Greco has long been active in working to ensure that the legal profession and federal government meet the legal needs of the underserved in America. As president of the Massachusetts Bar Association in 1985, Greco and the Governor jointly appointed a blue-ribbon Commission on the Unmet Legal Needs of Children, whose report and recommendations led to enactment of new statutes protecting the legal rights of children in the state.
Greco also chaired the first-in-the-nation Massachusetts Legal Needs for the Poor Assessment and Plan for Action, and co-founded Bar Leaders for Preservation of Legal Services for the Poor. The Massachusetts Supreme Judicial Court also appointed Greco as chair of the court’s committee on Massachusetts lawyers’ obligations to provide pro bono legal services.
Within the ABA, Greco has served in the House of Delegates since 1985 and as State Delegate from Massachusetts since 1993. He has chaired the association’s Standing Committee on Federal Judiciary and Section of Individual Rights and Responsibilities.
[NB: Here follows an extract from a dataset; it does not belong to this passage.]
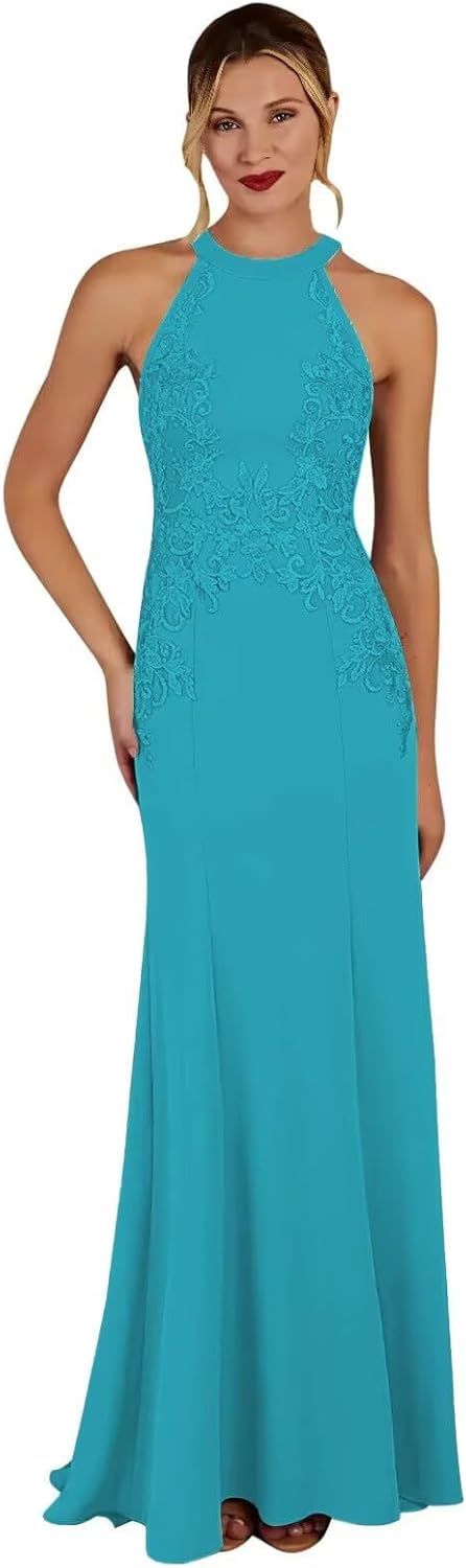 KDTM Satin Lace Mother of The Bride Dresses Long Halter Sleeveless Formal Dresses for Women Wedding Guest
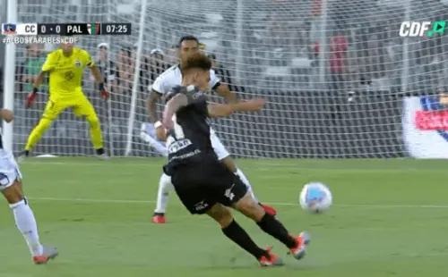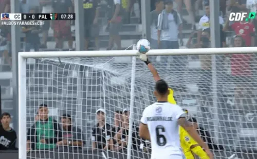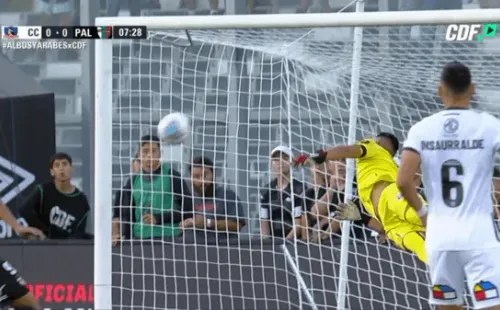 Cerca de mitad de cancha Henry Sanhueza sacó un balonazo profundo que tomó rumbo al arco y bajó peligrosamente para Colo Colo. Brayan Cortés extremó recursos y saltó lo más que puso para meter la mano. El balón se desvió al impactar en el travesaño.

After the terrorist attacks on September 11, 2001, Greco was appointed to the ABA Task Force on Terrorism and the Law, which provided analysis of legislation that resulted in the US Patriot Act, and he helped develop ABA policy regarding the use of military tribunals to try suspected terrorists. He also served on the ABA Standing Committee on Law and National Security. Greco is interested in the important balance between effective national security and the preservation of constitutional due process through an independent judiciary and independent legal profession, and will work on those issues during his year as president.